# Prompt Structuring for Stitch Operations

Use this reference when a request is underspecified, overly broad, or clearly likely to drift.

## Four-layer prompt model

Structure prompts using four layers:

### 1. Context

Define:

- product or screen type
- target user or workflow
- whether this is a new concept or a redesign of an existing screen

### 2. Structure

Specify:

- layout model
- major sections
- critical components that must exist
- the structural fingerprint: what makes this screen composition different from
  a default hero/card/template layout

### 3. Visual direction

State:

- style vocabulary
- density and spacing
- color direction
- typography intent

### 4. Constraints

Always make explicit:

- device
- what must remain unchanged
- whether the task is a full screen, a component, or a revision
- what content must not be invented, such as metrics, testimonials, logos,
  prices, case-study claims, or social proof

## Core rules

### Prefer plain language

Write short, direct instructions.
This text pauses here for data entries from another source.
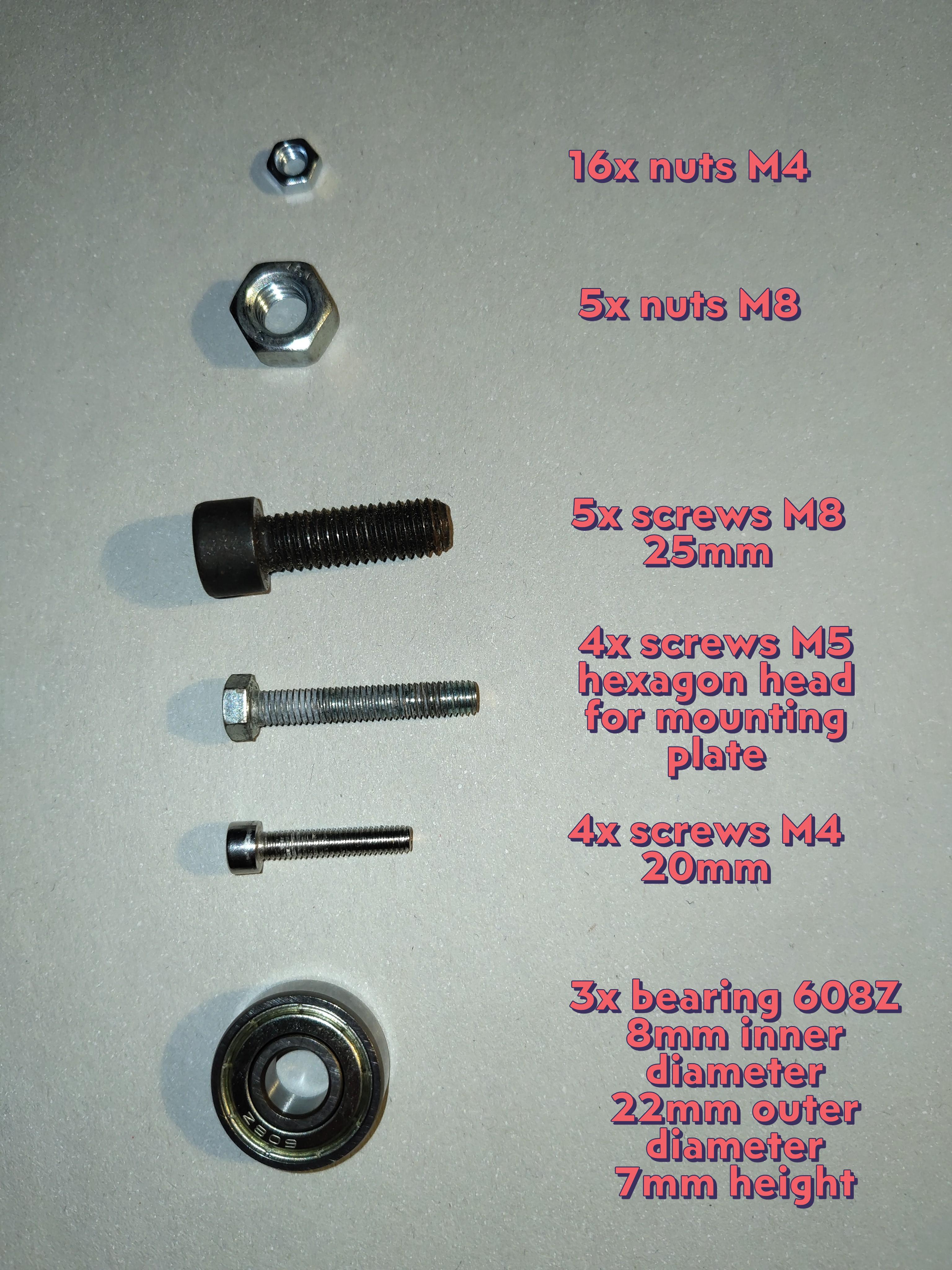 Để cố định bộ giữ đai ốc và các đai ốc M8, chúng ta cần thêm một số bộ phận, nhưng chỉ tạm thời thôi. Sau khi đổ bê tông, các bộ phận này không còn cần thiết nữa: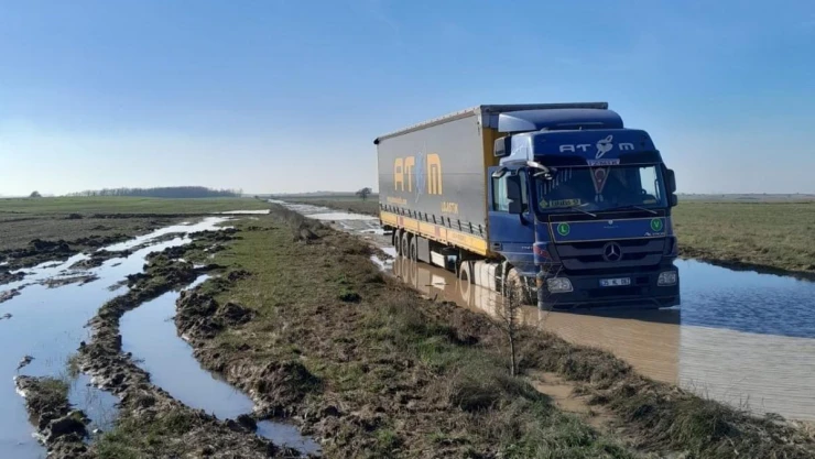 Tekirdağ’da bulunan Veliköy Organize Sanayi Bölgesi’nin içinden geçen toprak yoldaki çamur sorunu, hem sürücüleri hem sanayicileri çileden çıkartıyor. Fabrikalara mal getiren tırlar ve kamyonların yanı sıra küçük araçlar ve sanayiciler de çamur nedeniyle zor anlar yaşıyor.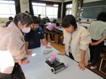 「もののあたたまり方」の実験では、水の温まり方の実験をしました。鉄のあたたまり方と違う結果だったので、子どもたちは驚いていました。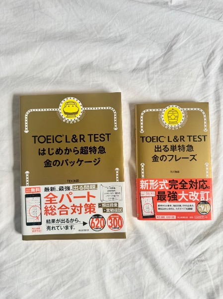 TOEIC単語帳 "金のフレーズ" とリスニング、ライティングの対策本 "金のパッケージ" のセットを$50で販売します!📚✨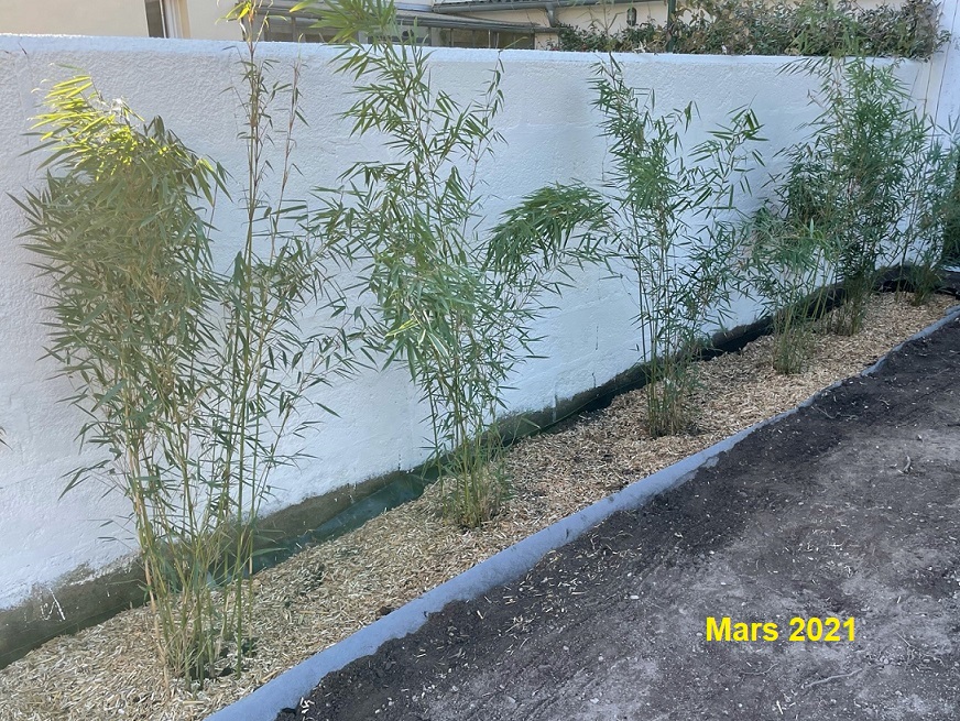 "Merci pour la livraison et ses plantes de bambou. C’est bien passé et ils ont été rempoter le jour même dans une bonne terre. Les bambous ont l’air en bonne santé. Je constate pas mal de petits turions, ce qui laisse présager de bon tige au printemps.Voici une photo de la plantation et merci encore. "

Stitch responds better to concrete constraints than to abstract creative language.

### Structure before style

Choose the screen structure before asking for color, font, motion, or polish.
If the prompt only says "modern", "clean", or "premium", expect a generic
screen. Name the layout logic instead:

- index-first
- stat-led
- workbench
- catalogue
- dense dashboard
- document-like long page
- editorial split
- task-first mobile surface

Use the structure that fits the product job. Do not default to a centered hero,
three cards, and a CTA unless that is genuinely the right shape.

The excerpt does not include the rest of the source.